---------- Material supplied
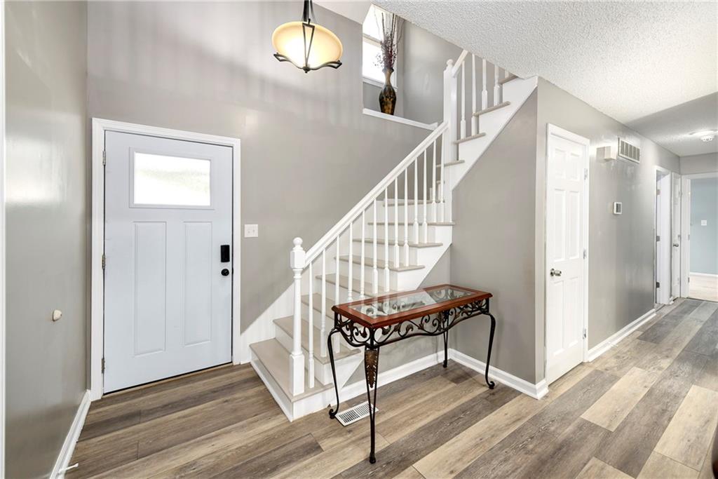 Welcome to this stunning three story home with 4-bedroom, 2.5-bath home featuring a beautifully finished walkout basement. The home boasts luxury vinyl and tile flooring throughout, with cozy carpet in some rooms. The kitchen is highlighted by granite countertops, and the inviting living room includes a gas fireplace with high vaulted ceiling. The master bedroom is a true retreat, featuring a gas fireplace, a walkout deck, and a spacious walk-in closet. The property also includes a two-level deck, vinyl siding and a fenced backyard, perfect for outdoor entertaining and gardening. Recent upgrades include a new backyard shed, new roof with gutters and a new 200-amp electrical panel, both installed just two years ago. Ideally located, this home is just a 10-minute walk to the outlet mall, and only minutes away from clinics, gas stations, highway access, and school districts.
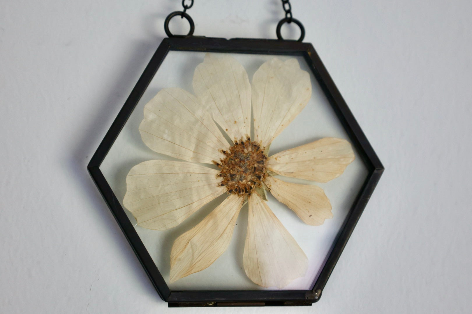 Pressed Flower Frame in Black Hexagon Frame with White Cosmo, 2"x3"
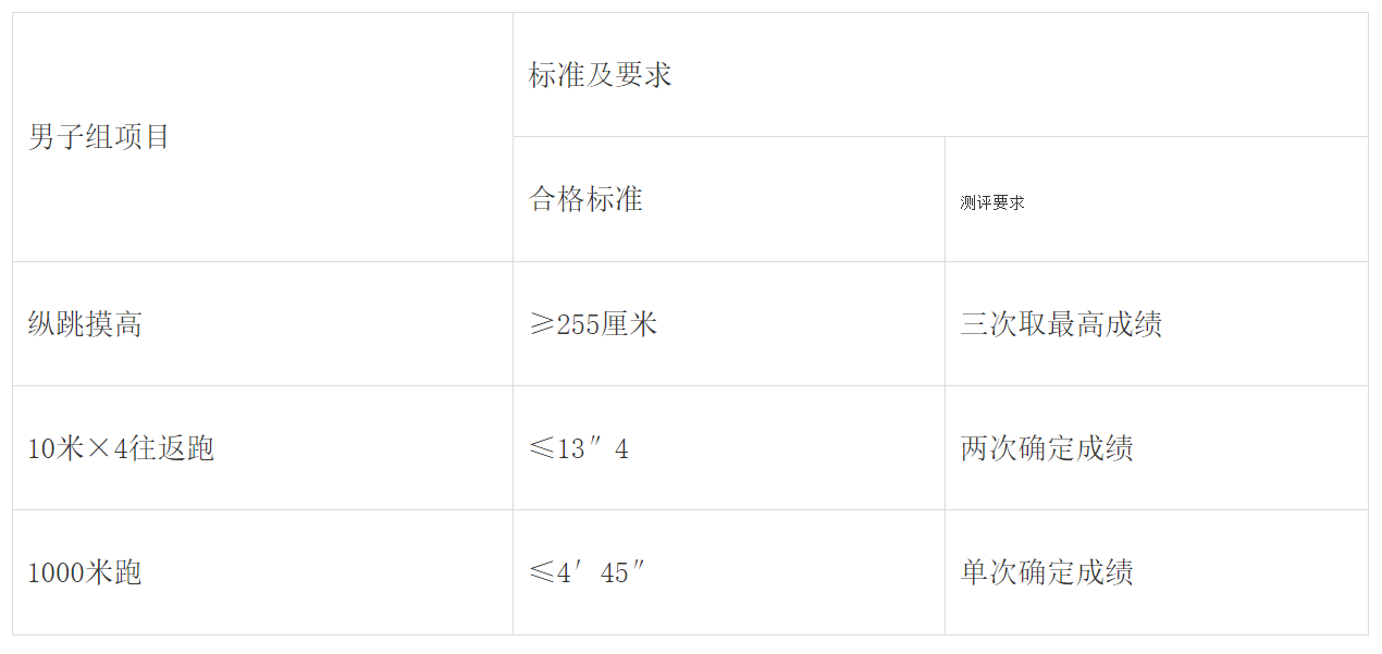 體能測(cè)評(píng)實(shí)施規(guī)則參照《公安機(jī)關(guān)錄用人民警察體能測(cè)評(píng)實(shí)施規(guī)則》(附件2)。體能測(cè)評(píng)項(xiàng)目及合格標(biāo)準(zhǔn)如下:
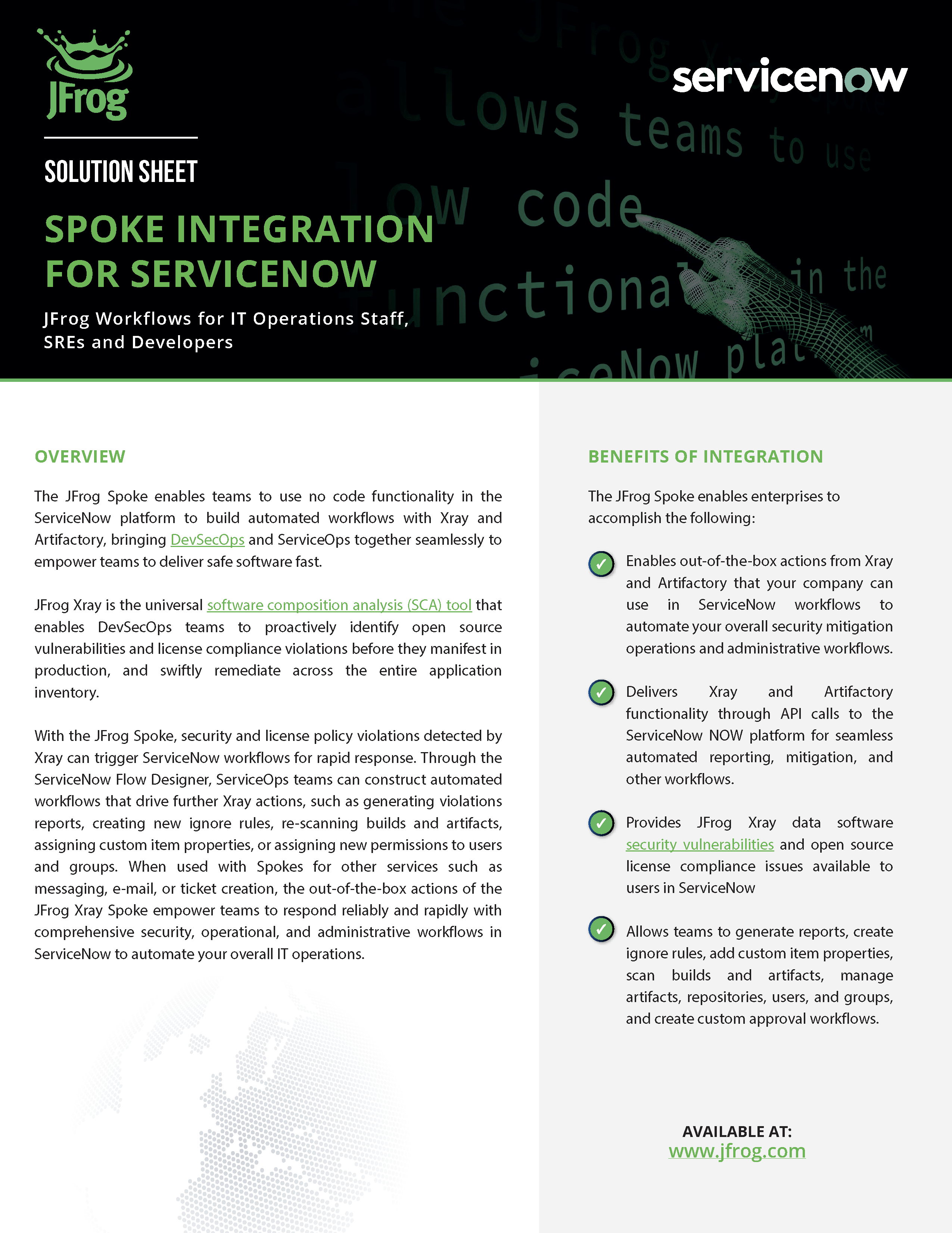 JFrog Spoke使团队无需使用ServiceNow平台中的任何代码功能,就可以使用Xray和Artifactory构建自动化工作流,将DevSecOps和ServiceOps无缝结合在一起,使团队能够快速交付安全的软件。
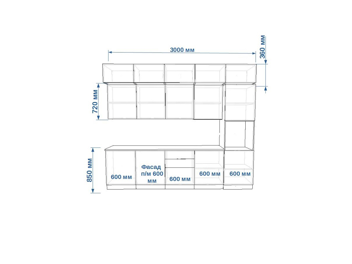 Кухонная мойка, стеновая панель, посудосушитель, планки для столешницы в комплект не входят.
--------------------
Reproduce exactly, and only, the lines from the one containing "JFrog Spoke使团队" through the last line of the records above, both included, leaving out any pictures.

→ **Exercise result**
 JFrog Spoke使团队无需使用ServiceNow平台中的任何代码功能,就可以使用Xray和Artifactory构建自动化工作流,将DevSecOps和ServiceOps无缝结合在一起,使团队能够快速交付安全的软件。
 Кухонная мойка, стеновая панель, посудосушитель, планки для столешницы в комплект не входят.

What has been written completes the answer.